Multilateral mechanisms, such as those under the UN Group of Governmental Experts on information security, should be strengthened to create an independent and multi-country review system, turning unilateral claims into multilateral consensus supported by evidence and shared rules.

When it comes to countermeasures, China’s response must remain firm, evidence-based and proportionate. Facing deliberate U.S. cyber intrusions, China’s actions are a legitimate exercise of self-defense under international law. Any counter-response must rest on solid evidence, including the identification of attack routes, responsible actors and verified damage. Moreover, China’s countermeasures must adhere to the principle of proportionality—matching the scale and impact of the attack without overreach. If U.S. attacks target specific sectors, China’s response should focus correspondingly, avoiding harm to civilian or non-military facilities.

It is important to build international understanding based on facts. China can do this by turning specific cases of cyberattacks into shared awareness across the global community, that the United States’ record does not fully align with its image as a “guardian of cybersecurity.” The key is to present clear and detailed evidence, including technical data, verified records and expert analysis, so that the discussion is grounded in facts rather than rhetoric.

Working through international platforms such as the UN and by showing how such attacks harm public welfare and violate privacy, China can help rally broader support, especially among developing nations, for stronger global cooperation to protect critical infrastructure and promote fairness and justice in cyberspace.

Confronting the growing challenge of cyber threats requires more than just stronger firewalls.

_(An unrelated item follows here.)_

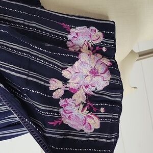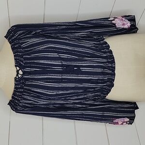 Xhilaration medium navy blue off shoulder top with embroidered flowers at wrists
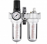 Регулятор давления воздуха с лубрикатором, влагоотделителем и манометром 1/4”. Пропускная способность – 700 л/мин. Давление компрессора

It demands a shared commitment to the rule of law and collective responsibility in cyberspace. The digital world must not become a “lawless frontier” dominated by power politics. Only through equality, cooperation and justice can true global cybersecurity be achieved.

Xiao Junyong is executive director of the Center for Science, Technology and Human Rights at the Beijing Institute of Technology; Cao Tao is a research associate at the center.